Hacker Newsnew | past | comments | ask | show | jobs | submitlogin

> I would like to build a rich "process api" that can fork, merge, pause, yield, yield until, drop while, synchronize, wait (latch), react according to events. I feel every distributed systems builds this again and again.

Years ago I attempted to build an experimental language with first-class resumable functions.
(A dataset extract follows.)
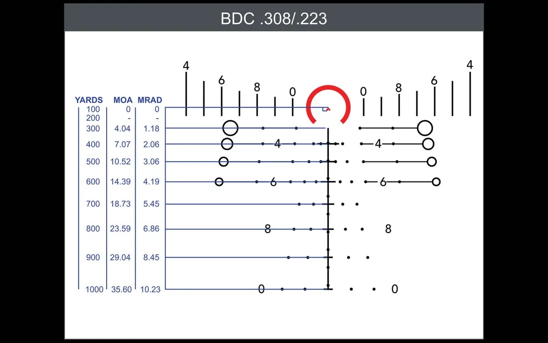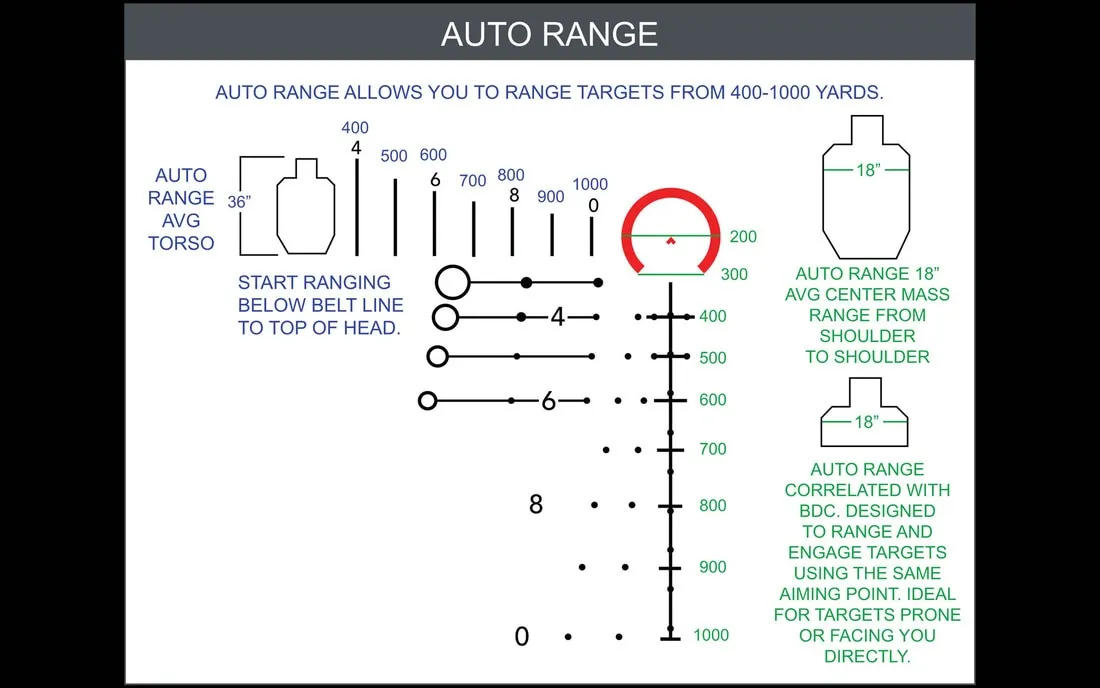It eliminates guesswork in range estimation with an integrated ranging system that provides fast and accurate distance reads, wind holds, and bullet drop compensation out to a full 1,000 yards. It is specifically tuned for common .308 Winchester loads but is also compatible with some .223 Remington loadings.

Every function can be invoked by the caller through a special reference type called "quaint". The caller can resume or stop the execution of the function either after reaching a timeout, or after passing a "wait label":

https://github.com/bbu/quaint-lang

A typical CPU-intensive example where preemption is done by the caller after a certain timeout:

    entry
    {
        fibq: quaint(u32) = ~fibonacci(32 as u32);

        ps("At start: "), pu8(fibq@start), pnl();
        iter: u32 = 0:u32;

        do {
            wait fibq for 1000 msec;
            ps("Iteration "), pu32(iter++), pnl();
        } while !fibq@end;

        ps("At end: "), pu8(fibq@end), pnl();
        const value: u32 = *fibq;
        ps("Reaped value: "), pu32(value), pnl();
    }

    fibonacci(number: u32): u32
    {
        if number == 0:u32 || number == 1:u32 {
            return number;
        } else {
            return fibonacci(number - 1:u32) + fibonacci(number - 2:u32);
        }
    }
An example that uses "wait labels" to suspend execution of the callee at certain points:

    entry
    {
        q: quaint(u64) = ~pointless_function();

        wait q until pointless_function::label_a;
        ps("At label_a: "), pu8(q@pointless_function::label_a), pnl();

        wait q until pointless_function::label_b;
        ps("At label_b: "), pu8(q@pointless_function::label_b), pnl();

        wait q until pointless_function::label_c;
        ps("At label_c: "), pu8(q@pointless_function::label_c), pnl();

        wait q;
        ps("At end: "), pu8(q@end), pnl();

        ps("Result: "), pu64(*q), pnl();
    }

    pointless_function: u64
    {
        i: u64 = 0 as u64;

        while ++i < 1000000:u64 {
            x: vptr = malloc(1024:usize);
            free(x);

            if i == 300000:u64 {
                [label_a]
            } elif i == 600000:u64 {
                [label_b]
            } elif i == 900000:u64 {
                [label_c]
            }
        }

        return i;
    }


I really like this.

Thank you for your comment and sharing.

I have a lightweight 1:M:N runtime (1 scheduler thread, M kernel threads, N lightweight threads) which preempts by setting hot loops to the limit.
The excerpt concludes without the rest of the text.